• **WORK INSTRUCTIONS**
Taking the data below, please print only the lines from the line holding "Italy 1910 Definitive" to the line holding "Children will love", inclusive, with pictures omitted.

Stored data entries
Content starts

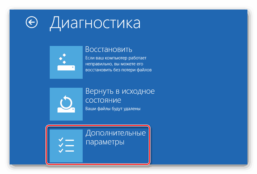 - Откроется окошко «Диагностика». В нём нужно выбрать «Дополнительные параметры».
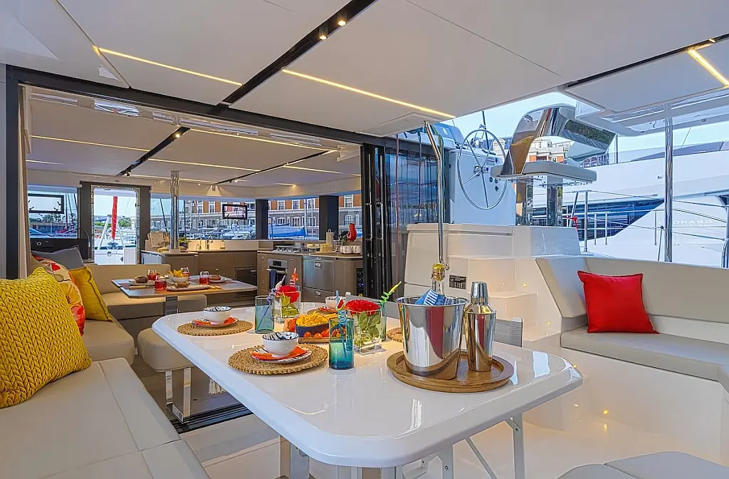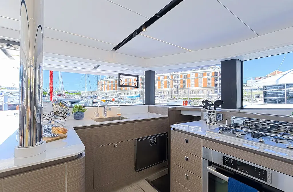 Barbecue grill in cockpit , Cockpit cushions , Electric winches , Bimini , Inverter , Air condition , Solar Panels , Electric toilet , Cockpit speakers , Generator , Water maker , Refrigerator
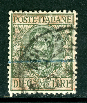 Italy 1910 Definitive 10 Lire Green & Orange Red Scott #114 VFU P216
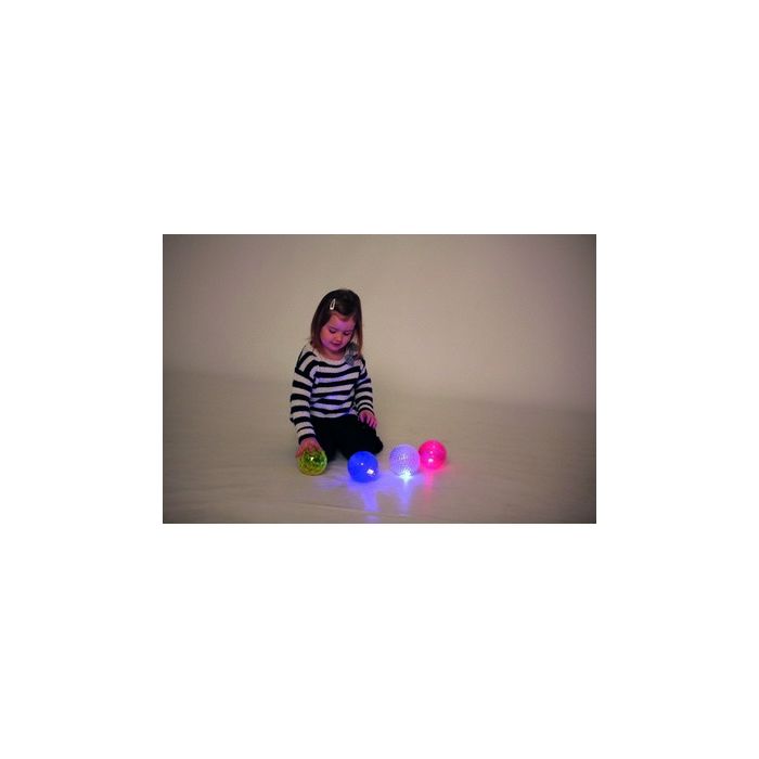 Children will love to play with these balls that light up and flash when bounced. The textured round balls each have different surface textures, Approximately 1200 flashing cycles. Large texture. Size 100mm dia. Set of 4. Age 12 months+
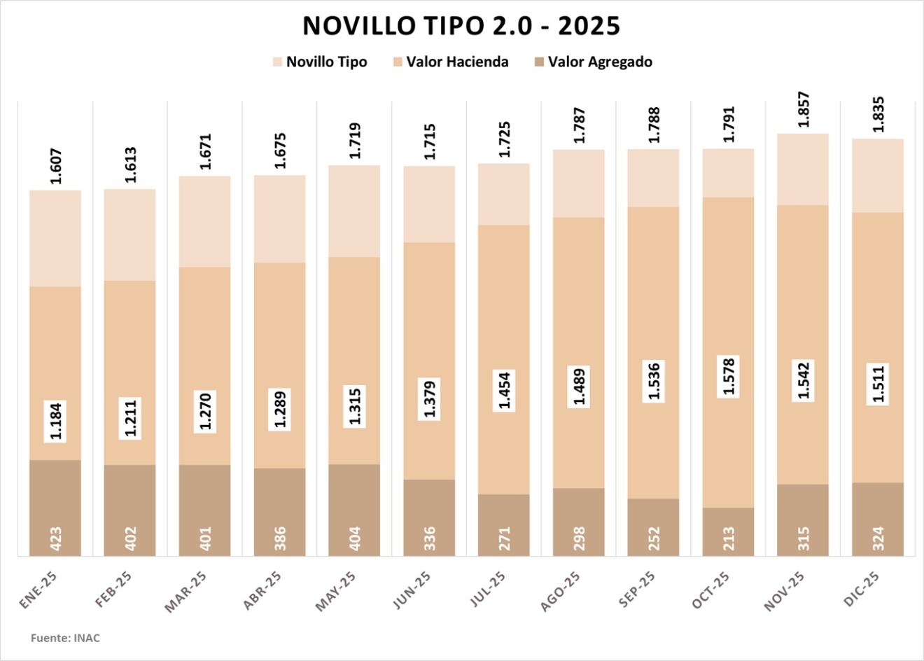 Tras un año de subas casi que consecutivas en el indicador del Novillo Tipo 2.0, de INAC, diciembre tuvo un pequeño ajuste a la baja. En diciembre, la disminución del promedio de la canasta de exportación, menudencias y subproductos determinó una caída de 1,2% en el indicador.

Content ends

• **RESULT**
 Italy 1910 Definitive 10 Lire Green & Orange Red Scott #114 VFU P216
 Children will love to play with these balls that light up and flash when bounced. The textured round balls each have different surface textures, Approximately 1200 flashing cycles. Large texture. Size 100mm dia. Set of 4. Age 12 months+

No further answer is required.